The reflection template functions as a feedback loop that generates additional entries. When an empty category is visually present in the weekly view, the awareness of "I didn't exercise this week" translates into input the following week. The reflection UI produces a second-order effect that increases the overall logging rate.
Design principle: Reflection templates work in inverse proportion to input field count. The initial version had high input overhead. After reducing to essential fields and demoting the rest to optional, sustained input became achievable. Minimum input → automatic aggregation → visual feedback is the general principle for reflection UI design.
5. Harness Pattern and Data Export
Layering a prompt harness onto the Flutter development workflow changes two things.
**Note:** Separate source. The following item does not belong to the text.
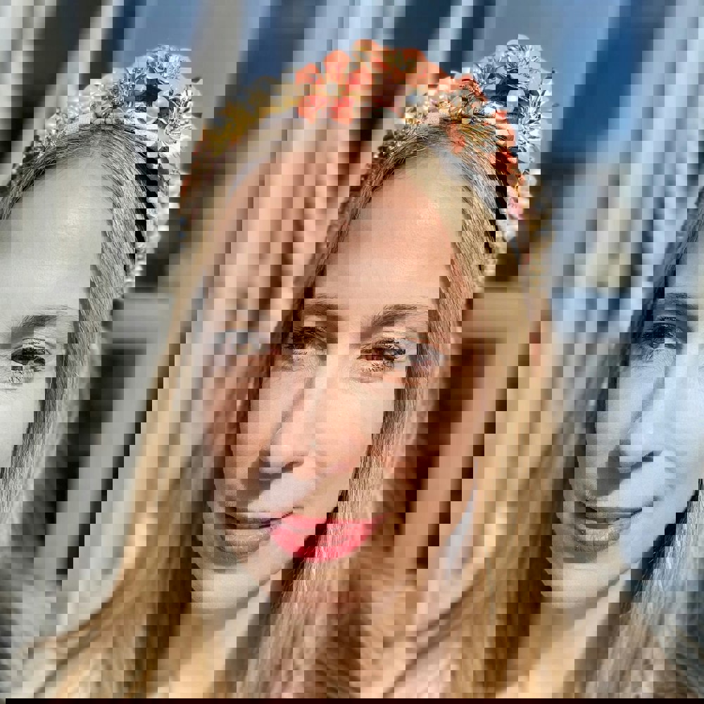 Style your flower headband with a floral dress as a wedding guest, for a joyful take on wedding guest chic.

First, documenting the data model and SQLite schema in CLAUDE.md preserves context across sessions. Second, feature additions are forced through a plan → execute → verify cycle. Ad-hoc code additions decrease; schema migration errors decrease.
Data export and import are foundational to user data sovereignty. The app exports all data as JSON and accepts the same format for import. The reason for converting to JSON rather than exporting the raw SQLite DB file is portability (readable by external tools) and legibility (users can inspect their own data). For apps where device migration and backup scenarios are real use cases, this layer is substantially cheaper to design from the start than to retrofit later.
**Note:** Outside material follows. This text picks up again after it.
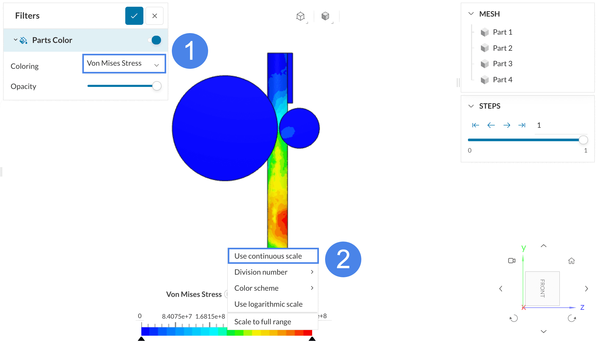 Initially select the ‘Von Mises Stress’ as Coloring, and right-click on the colour bar to pick the ‘Use Continuous Scale‘ option. This will provide a smoother visualization of the results.

Limitations and Improvement Directions
The cost of starting with Hive: An early phase began with key-value storage. As relationship complexity grew, migration to SQLite became necessary. The lesson: data structure analysis must precede storage selection. Locking in a tool before understanding the structure accumulates rework cost.
Statistics computation location: The initial implementation computed statistics directly in UI widgets, triggering recomputation on every screen transition and producing noticeable sluggishness. Moving computation to the Provider layer and applying caching resolved it. Deviating from Riverpod's baseline pattern — derived state belongs in the state management layer — produces performance problems that are immediately visible.
Over-engineered reflection templates: When input field count is high, users skip the reflection entirely. "Asking for more information" and "making input more frequent" are in direct conflict; the latter is consistently better for long-term retention metrics.
Applicability
The design principles in this post are not specific to GrowNote.
- Personal apps where relational data and aggregation queries are core → SQLite + Riverpod is a reasonable starting point.
- Event-trigger-centric apps (games, real-time interaction) → BLoC remains valid.
- Single-entity-centric apps (readers, notes) → Hive is sufficient.
The same Flutter stack produced three different optimal combinations — QuietLeaf (key-value, Hive), Minesweeper (event-driven, BLoC), GrowNote (relational, SQLite + Riverpod) — which confirms that stack selection is a function of the problem's nature, not of convention.
Open Questions
- How far can "minimum input" in reflection templates be reduced? What trade-offs emerge if the reflection prompt itself is generated by AI from that day's records?
- What is the cost/benefit split when introducing SQLite FTS (Full-Text Search) for tag and content search, accounting for migration overhead?
- What additional user scenarios are covered by dualizing the export format to include both JSON and SQLite dump?